Append to existing Dataset with a stream of RecordBatchs

Returns void result or Returns Error

source

pub async fn latest_manifest(&self) -> Result<Manifest>

source

pub async fn restore(&mut self, write_params: Option<WriteParams>) -> Result<()>

Restore the currently checked out version of the dataset as the latest version.

Currently, write_params is just used to get additional store params. Other options are ignored.

source

pub fn cleanup_old_versions( &self, older_than: Duration, delete_unverified: Option<bool> ) -> BoxFuture<'_, Result<RemovalStats>>

Removes old versions of the dataset from disk

This function will remove all versions of the dataset that are older than the provided timestamp. This function will not remove the current version of the dataset.

Once a version is removed it can no longer be checked out or restored. Any data unique to that version will be lost.

Arguments

older_than - Versions older than this will be deleted.
delete_unverified - If false (the default) then files will only be deleted if they are listed in at least one manifest. Otherwise these files will be kept since they cannot be distinguished from an in-progress transaction. Set to true to delete these files if you are sure there are no other in-progress dataset operations.

Returns

RemovalStats - Statistics about the removal operation

source

pub async fn commit( base_uri: &str, operation: Operation, read_version: Option<u64>, store_params: Option<ObjectStoreParams> ) -> Result<Self>

Commit changes to the dataset

This operation is not needed if you are using append/write/delete to manipulate the dataset. It is used to commit changes to the dataset that are made externally. For example, a bulk import tool may import large amounts of new data and write the appropriate lance files directly instead of using the write function.

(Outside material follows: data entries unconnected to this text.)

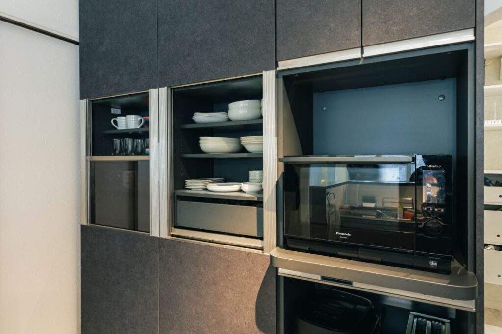 食器棚は扉全体を開けなくても中段の「窓」から物を出し入れできる「2ウェイクローゼット」を採用、不要なものを見せずにスマートに食器を取り出すことができます。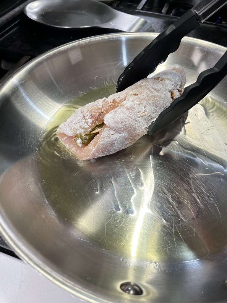 Finally, it was time to assemble and bake my roulades! There was one more flavor element that I wanted in my “rearranged” jambalaya, and that was okra. My husband is not a fan of this much-maligned southern staple vegetable, which can sometimes be slimy when cooked. Here’s how I got around that unpleasant trait— I used spicy pickled okra! The process of pickling keeps the okra firm and sturdy, and the sweet-sour pickling added a nice flavor accent to my roulades. I cut lengthwise slits in each okra pod so that I could release the excess liquid onto paper towels, and then I rolled up my andouille-layered cutlets with the okra inside and tucked in a few toothpicks to hold them together.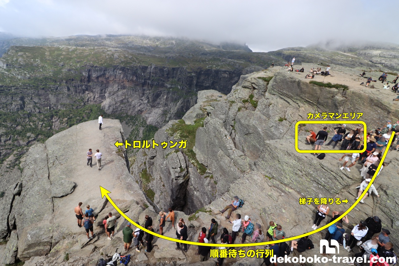トロルトゥンガの撮影スポットに行くには、余程早く着かない限りは行列に並ぶことになります。上にも書きましたが、なるべく早く並んでおくことをオススメします。

This method can be used to commit this change to the dataset’s manifest. This method will not verify that the provided fragments exist and correct, that is the caller’s responsibility.

If this commit is a change to an existing dataset then it will often need to be based on an existing version of the dataset. For example, if this change is a delete operation then the caller will have read in the existing data (at some version) to determine which fragments need to be deleted. The base version that the caller used should be supplied as the read_version parameter. Some operations (e.g. Overwrite) do not depend on a previous version and read_version can be None. An error will be returned if the read_version is needed for an operation and it is not specified.

All operations except Overwrite will fail if the dataset does not already exist.

Arguments

base_uri - The base URI of the dataset
operation - A description of the change to commit
read_version - The version of the dataset that this change is based on
store_params Parameters controlling object store access to the manifest

source

pub async fn merge( &mut self, stream: impl RecordBatchReader + Send + 'static, left_on: &str, right_on: &str ) -> Result<()>

source

pub fn scan(&self) -> Scanner

Create a Scanner to scan the dataset.

source

pub async fn count_rows(&self) -> Result<usize>

Count the number of rows in the dataset.

It offers a fast path of counting rows by just computing via metadata.

source

pub async fn take( &self, row_indices: &[u64], projection: &Schema ) -> Result<RecordBatch>

source

pub async fn take_rows( &self, row_ids: &[u64], projection: &Schema ) -> Result<RecordBatch>

Take rows by the internal ROW ids.

source

pub fn take_scan( &self, row_ranges: Pin<Box<dyn Stream<Item = Result<Range<u64>>> + Send>>, projection: Arc<Schema>, batch_readahead: usize ) -> DatasetRecordBatchStream

Get a stream of batches based on iterator of ranges of row numbers.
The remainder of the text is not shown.